What if we wanted to be a Finance professor as a white male with the same amount of experience?

In [102]:
salary_prediction(race = 'W', yrs_experience = 1.2, rank = 'AST', sex = 'M', dept = 'FIN')
More than one department found. Matching departments include:
Please enter a more specific department:FINANCE
The department you chose was: FINANCE
Your predicted annual salary is: 169270.63

That is more than twice as much! Let's try one of the lower paying departments, such as International Studies.

In [103]:
salary_prediction(race = 'W', yrs_experience = 1.2, rank = 'AST', sex = 'M', dept = 'INT')
More than one department found. Matching departments include:
Please enter a more specific department:INTERNATIONAL
The department you chose was: INTERNATIONAL STUDIE
Your predicted annual salary is: 60344.33

Our predicted salary is less than in the Meteorology department, which we would expect. Feel free to try others in the notebook if you are following along.

I found through trial and error that the predictions tend to be less accurate for younger professors (at least comparing to the examples in the database) than for older, more established ones. This is because there are fewer young professors the model can train on, so you have to treat these salary predictions more skeptically.
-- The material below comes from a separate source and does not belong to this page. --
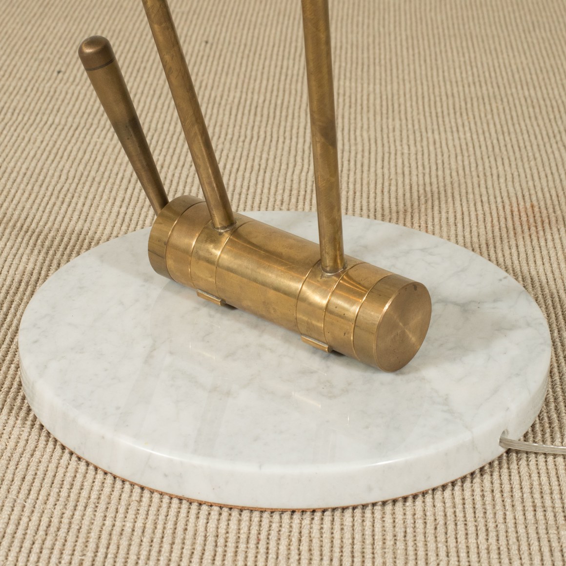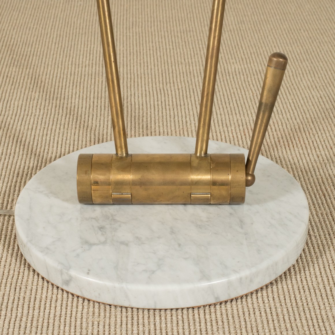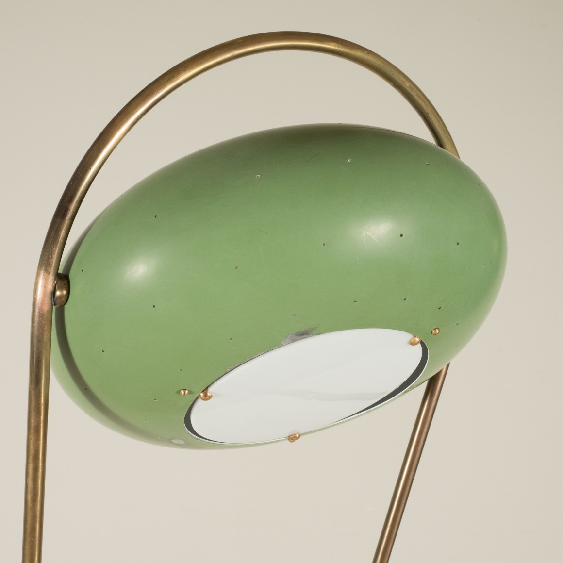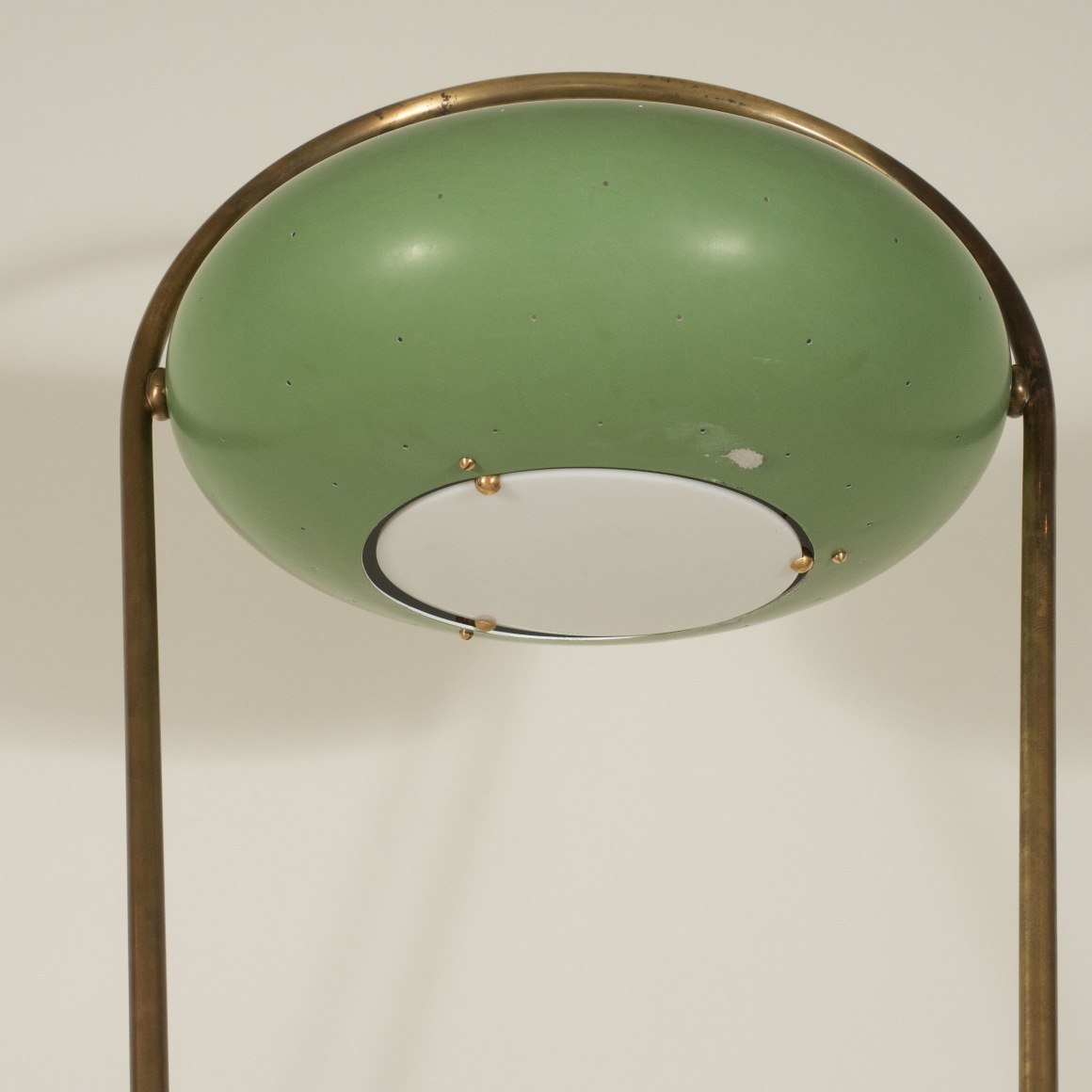 Brass Floor Lamp with green tole shade and marble base in the manner of Angelo Lelii for Arredoluce, Italy c. 1950
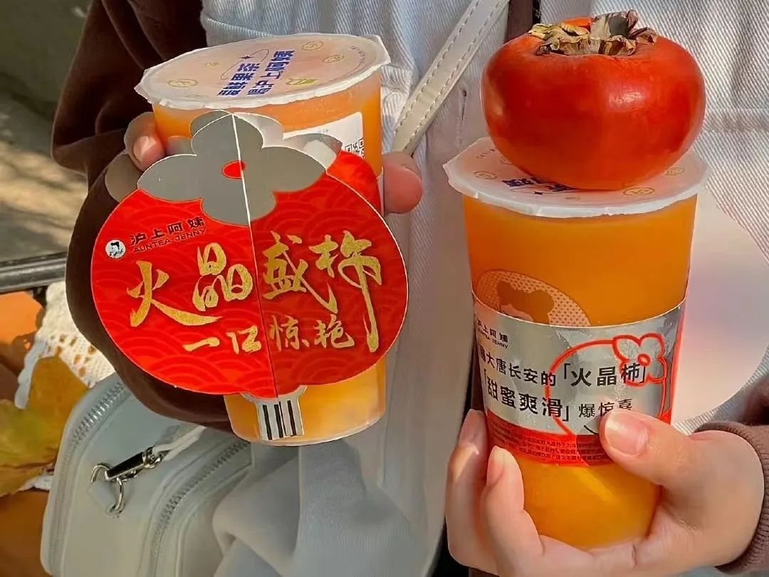 最近,滬上阿姨推出了柿子新品,土味杯套十分引人注意,燈籠形狀的杯套上,用誇張的廣告體印上“火晶盛柿”四個字,很是出圈,不少網友調侃,“好土好喜歡”。

Ideas for Improvement and Summary

In this notebook, we took an interesting external dataset and explored it in detail. A fair amount of work was necessary to engineer our features, but we were able to use them afterwards for exploratory data analysis purposes in R. We shaped the data using plyr and visualized it using ggplot2.

Once our EDA was complete, we built a regression model for predicting salaries and tried a few options. Then, we wrote a function to implement the model in an easy way.

Of course there were some steps missing since this is just an example, but this is the basic Data Science workflow from start to finish!

Possible ideas for improvement:

  • Include more data from other nearby public universities (or at least ones of similar ranking). This can be tricky, however, because different universities have different college structures, so we would have to design new features again.
  • Try to implement the final prediction function inside of a website by using something such as Flask from Python. The prediction model could be exported via pickling and using sklearn's joblib class.